Cumberbatch casts a dark and swooning spell in Campion's latest, headed for Netflix and theaters this fall.

The Power of the Dog

“The Power of the Dog”


Jane Campion’s first film since 2009’s John Keats portrait “Bright Star” is a similarly moody study of masculinity, albeit one supplanting a Montana cattle ranch for early 1800s London. The Oscar-winning New Zealand filmmaker (“The Piano”) crafts an ice-blooded, prickly Western — starring Benedict Cumberbatch, Kirsten Dunst, Jesse Plemmons, and Kodi Smit-McPhee — about love, repression, and, well, power as the title indeed implies.

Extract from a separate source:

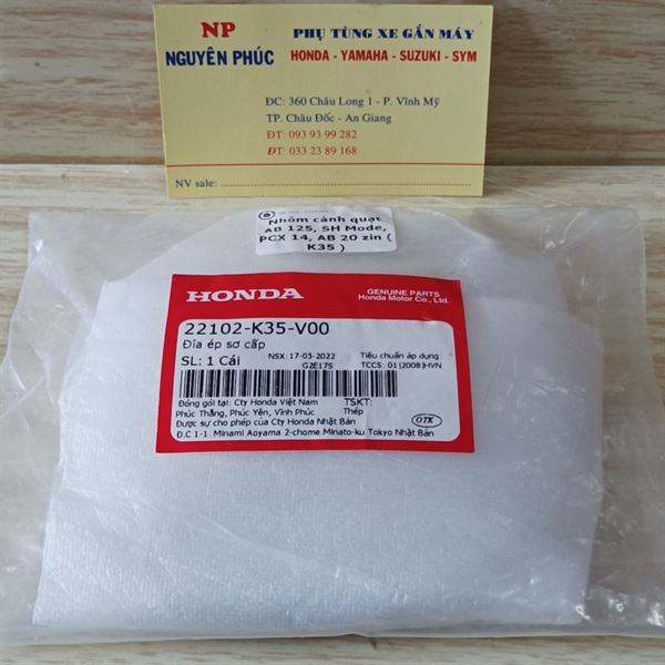 Nhôm cánh quạt AB 125, SH Mode, PCX 14, AB 20 , Vario 125, 150, Lead 125 đời 13, 20 zin ( K35 ) ( 14*116*23 )

There’s also Jonny Greenwood’s soothing (i.e. deeply unnerving) string-and-guitar score to massage things along as this quartet comes operatically undone at the hands of a terrifying Cumberbatch. Watch the new trailer for the film below.

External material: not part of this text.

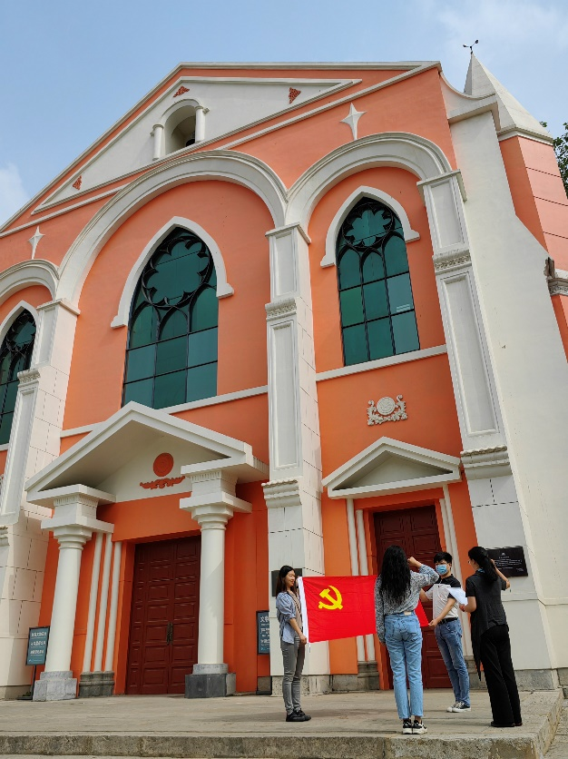 去往正定县的路上,全体党员学习了《习近平在正定》一书。党员们边阅读边讨论,提前做好实践调研功课。到达正定之后,教工二支部首先来到第一版主 的前身——华北大学的旧址参观。在“华北大学”旧址前,参加联学联做主题教育活动的党员共同见证了新入职海归教师张洋同志的入党宣誓仪式。在教工二支部书记陶涛的主持下,张洋同志面向党旗,举起右手,在入党介绍人赵梦晗同志带领下,庄严宣誓。党员们随后参观了栖贤楼和神父楼,追忆华北大学在正定的峥嵘岁月。此前,5月19日,教工二支部在张洋同志授课的教室里召开了支部大会,在张洋同志耕耘的三尺讲台旁接收其为中共预备党员。
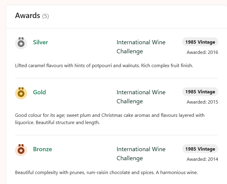 恰逢产区 WS Excellent大年加持,1985珍稀老年份斩获Vinum 18.5、RA 96、WA 95等诸多超高分好评,更有IWC 金奖背书!

Here’s Netflix’s official synopsis:

Severe, pale-eyed, handsome, Phil Burbank is brutally beguiling. All of Phil’s romance, power and fragility is trapped in the past and in the land: He can castrate a bull calf with two swift slashes of his knife; he swims naked in the river, smearing his body with mud. He is a cowboy as raw as his hides.

The year is 1925. The Burbank brothers are wealthy ranchers in Montana. At the Red Mill restaurant on their way to market, the brothers meet Rose, the widowed proprietress, and her impressionable son Peter. Phil behaves so cruelly he drives them both to tears, reveling in their hurt and rousing his fellow cowhands to laughter – all except his brother George, who comforts Rose then returns to marry her.

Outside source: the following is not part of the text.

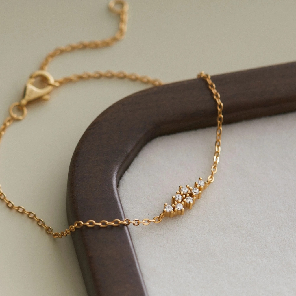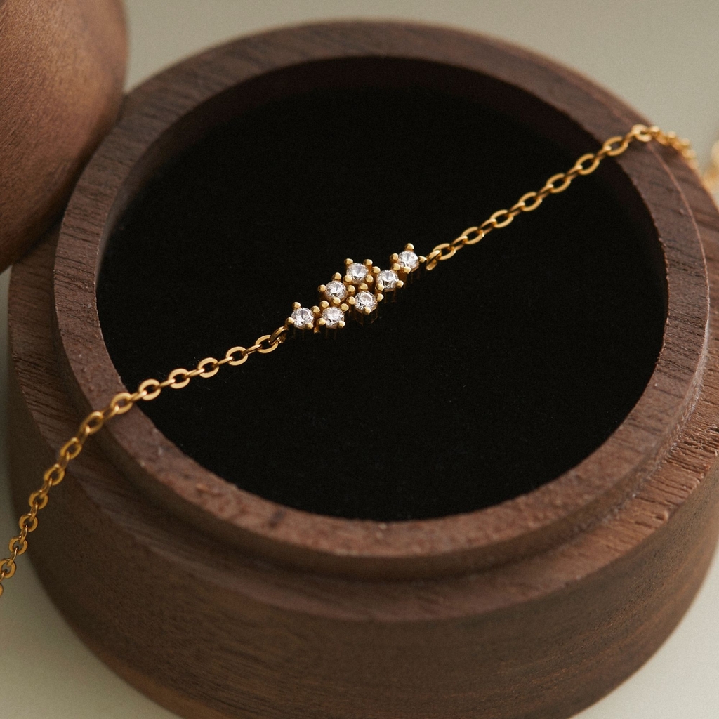 Lắc tay bạc 925 với dây xích mảnh thanh thoát, điểm xuyết chùm charm hình sao đính đá lấp lánh như dải ngân hà thu nhỏ. Các charm được bố trí hài hòa, tạo cảm giác nhẹ nhàng và tinh tế. |

As Phil swings between fury and cunning, his taunting of Rose takes an eerie form – he hovers at the edges of her vision, whistling a tune she can no longer play. His mockery of her son is more overt, amplified by the cheering of Phil’s cowhand disciples. Then Phil appears to take the boy under his wing. Is this latest gesture a softening that leaves Phil exposed, or a plot twisting further into menace?

This cinematic act of knife-twisting is based on a creepy 1967 novel by Thomas Savage, which is regarded in literary circles and hailed by the likes of Annie Proulx (“Brokeback Mountain”) as something of a lost classic. The story had been floating around Hollywood for years, with even Paul Newman at one point flirting with the idea of taking on tortured rancher Phil Burbank (Cumberbatch).

“It’s a ranch story,” said Campion, who along with her producers secured rights to the novel, in an interview with IndieWire. “Nobody’s got a gun. It’s just on the end of that mythology when the cowhands are working there because they love cowboys of old and they are getting their clothes from the mail orders and dressing as cowboys as a kind of quoting of cowboys.”

The cast also includes Thomasin McKenzie, Frances Conroy, Keith Carradine, Peter Carroll, and Adam Beach. The film releases in theaters on November 17 before hitting the Netflix streaming platform December 1.